The events do not paint a good picture of the agency that Fauci headed for decades: The institute promoted risky virus experiments, but apparently barely supervised them. In addition, several employees appear to have violated the Freedom of Information Act. Fauci may keep his distance from individual employees. But as head of the institute, he bore responsibility.

  1. Damaged trust

The Republicans in Congress have long been exploiting the events surrounding Fauci. Every attack against the pillar saint of the Democrats can help them in the election year.

Jamie Metzl, who Morens and Daszak also criticized in their emails, criticizes the political trench warfare. He says it only distracts from the search for the origin of the pandemic. He is “a fan of Dr. Fauci” and admires his contribution to the fight against AIDS, says Metzl. But there is justified criticism of the epidemiologist.

The emails do not prove that those involved know the origin of the epidemic and are hiding it. But they show contempt for the right of citizens and the press to information, and this in a part of the scientific community that has been criticized for years as being too closed off  .

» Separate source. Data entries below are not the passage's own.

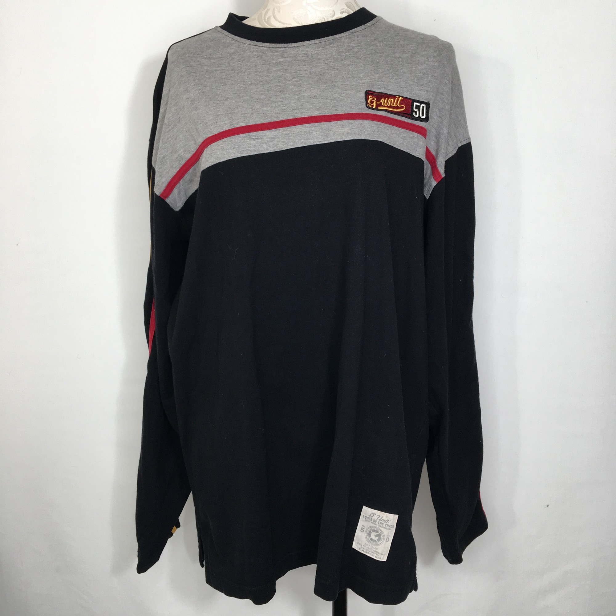 120-395 G Unit, Black, Size: XL long sleeve black and grey shirt with yellow and red stripes on sleeves 100% cotton good
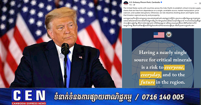 ភ្នំពេញ ៖ ស្ថានទូតសហរដ្ឋអាមេរិកប្រចាំកម្ពុជា នៅថ្ងៃទី១០ខែកុម្ភៈឆ្នាំ២០២៦នេះ បានចេញផ្សាយព័ត៌មានថា សហរដ្ឋអាមេរិកធ្វើការជាមួយប្រទេសនានាទូទាំងតំបន់ឥណ្ឌូប៉ាស៊ីហ្វិក ក្នុងការបង្កើតខ្សែសង្វាក់ផ្គត់ផ្គង់ធនធានរ៉ែសំខាន់ៗ ដែលមិនពឹងផ្អែកលើប្រភពតែមួយដែលមិនអាចទុកចិត្តបាន ការកេងចំណេញទីផ្សារ ការបង្ខិតបង្ខំតម្លៃ និងការរំខានភ្លាមៗ។
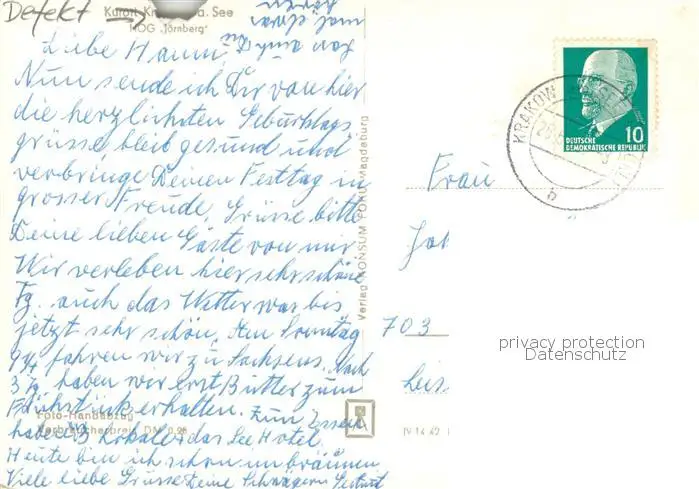 Krakow_See HOG Joernberg Krakow_See postalisch gelaufen nach 1965 Erhaltung siehe scans [FriedD77] Frierer
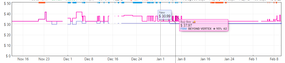 Notice how in the following image that the Buy Box price is almost always higher than the New price:
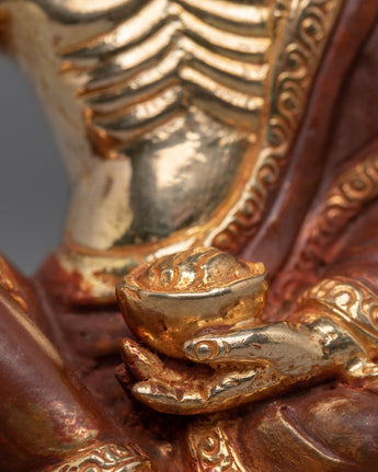 The Milarepa Statue is a stunningly crafted figurine, designed to represent the revered Tibetan yogi and poet, Milarepa. Standing at 13 cm in height and 10.5 cm in width, this statue weighs 0.66 kg and is made of copper, with exquisite 24k gold plating that highlights the spiritual importance of Milarepa’s teachings. The vibrant acrylic colors further enhance the statue's beauty and symbolism, making it a perfect addition to your meditation space, altar, or home décor. This handcrafted piece captures Milarepa’s profound wisdom, compassion, and enlightenment, offering spiritual benefits and an aura of tranquility wherever it is placed.

This is harmful, even beyond the question of the origin of the corona, says Filippa Lentzos. The biosecurity expert from King’s College London is working on a set of rules for research that carries pandemic risks. To do this, she has joined forces with scientists from all over the world, including advocates of the laboratory theory as well as researchers who believe a zoonosis is more likely.

At the beginning of the year, the group presented a draft   of international standards that are intended to help the world protect itself against zoonoses as well as laboratory accidents.

“This will only work if citizens trust the experts,” says Lentzos. However, events like those at the NIAID damage trust in science. In the age of fake news, this is all the more annoying, says the expert. “It endangers our democracies.”